I think it's a very interesting program with some very, very ground–breaking… breaking results. And the question is going to be during this year, what's the likelihood of us being able to actually find a partner and actually have a partnership where there could be an opportunity for some partnering–associated revenue payments. And I think it's a situation where I believe it's a very appealing program, and this has a very high degree of priority for me, and it's been something where I've actually personally been on the road, as well as other members of the team, over the last few weeks. That's a lot of focus on this program. It's really exciting work.

Lanny Stout Thanks.

Operator Thank you. There are no further questions registered at this time.

There is a question registered from Tim Richards, a private investor. Please go ahead.

Tim Richards Yes, this is Tim Richards. What is the current status and approaching milestones for the general manufacturing facility for supporting all these opportunities?

Les Hudson So Alan, do you want to pick that up in… in the detail that we've previously communicated around this?

Alan Timmins Yes.
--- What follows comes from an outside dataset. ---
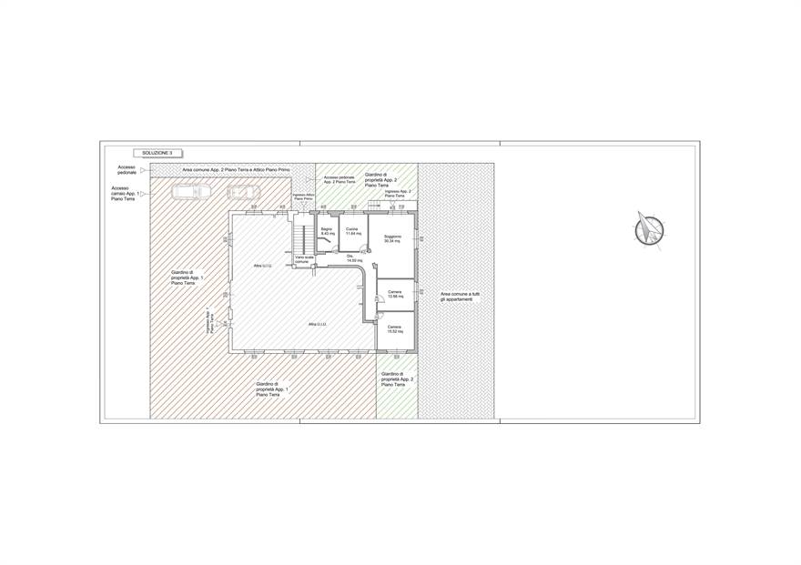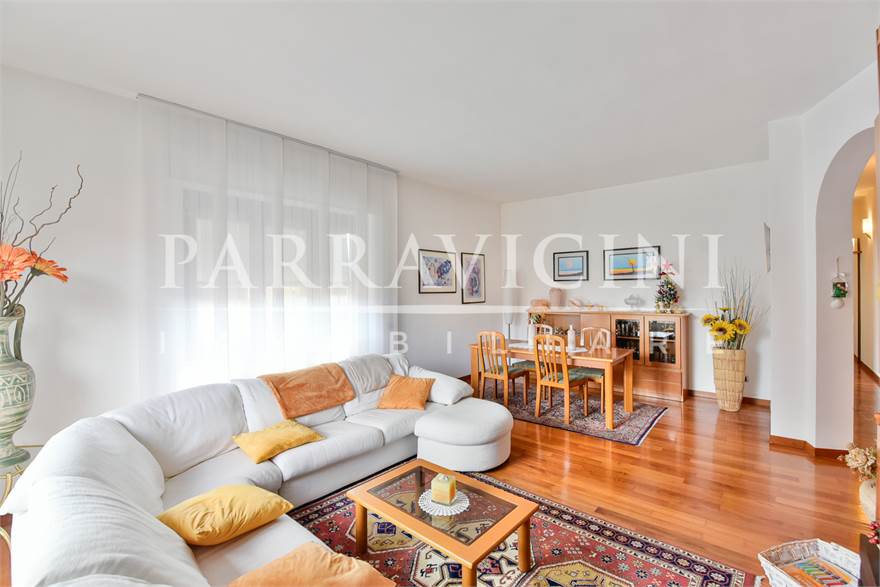 L’appartamento si sviluppa al piano rialzato per 110 mq, dal balcone del soggiorno si accede direttamente all’area privata attualmente rifinita con autobloccanti ma, in caso di necessità, facilmente trasformabile in giardino .. la proprietà si completa con un comodissimo box doppio

We've previously stated that we would be working toward meeting our Phase 2 requirements in manufacturing during the course of this year. At this time, because of the… the nature of those trials, we believe that our current, in–house manufacturing capability is adequate to meet those needs. So as we go forward and our clinical path becomes more clear in the specific applications where we are… where we are now conducting trials, then we'll work to expand our capacity, likely in Corvallis and… and/or through the use of outside manufacturing contractors to… to meet those needs. So we don't see it as a… as a huge hurdle going forward, either from the standpoint of our own manufacturing capability and capacity or from the standpoint of, on a timely basis, finding outside contract manufacturers to meet the needs that we anticipate.

Les Hudson So Tim, specifically, just picking up Alan's point there on the use of the external contract manufacturers, you probably know that we already have our sub–unit supply secured through an external contractor. So that relationship's already in place. The ability to go up to Phase 2 GMP for the supply of clinical material is important because it obviously gives us a speed advantage. Once one gets into Phase 3 and then the go–to–market supply, that is something which philosophically we would in fact contract out, quite simply because the quantity that one is talking about then really becomes quite… quite astronomic, particularly for the sort of opportunities that one's looking at, for example, with the TNF receptor.

Tim Richards Outstanding. Thank you.

Les Hudson Thank you.

Operator Thank you. There are no further questions registered at this time. I will turn the meeting back over to Dr. Hudson. Please go ahead.

Les Hudson Thanks, Julian. Thanks for joining us. And if you heard background… you thought you heard airplanes in the background, indeed you did. I hope it wasn't actually too incursive.

Final thing which I'd like to communicate, obviously, although we're early on in the… many of these programs, one of the things as a corporation that it struck us is that sometimes the depth of what we have to communicate gets lost on these rather brief interactions. We're intending to have a science day in New York City probably around about the 10th of September, and we're in the process of finalizing the contract around that, so we will make an announcement. And our intention there is really to give people who are interested parties the opportunity to see the depth of what we have in our cupboard here from an R&D point of view. And so it will be in fact where our scientific strengths will have a chance to shine… excuse me… shine through. That's particularly important for a company that's become so intensely product–focused. These updates will continue to be focused around corporate priorities and also our product candidates that are in the clinic.

I thank you all very much indeed for your time, and look forward to the next time we have a chance of interacting through one of these calls. Thank you very much indeed. Good–bye.

Operator Thank you. The conference has now ended. Please disconnect your lines at this time. We thank you for your participation.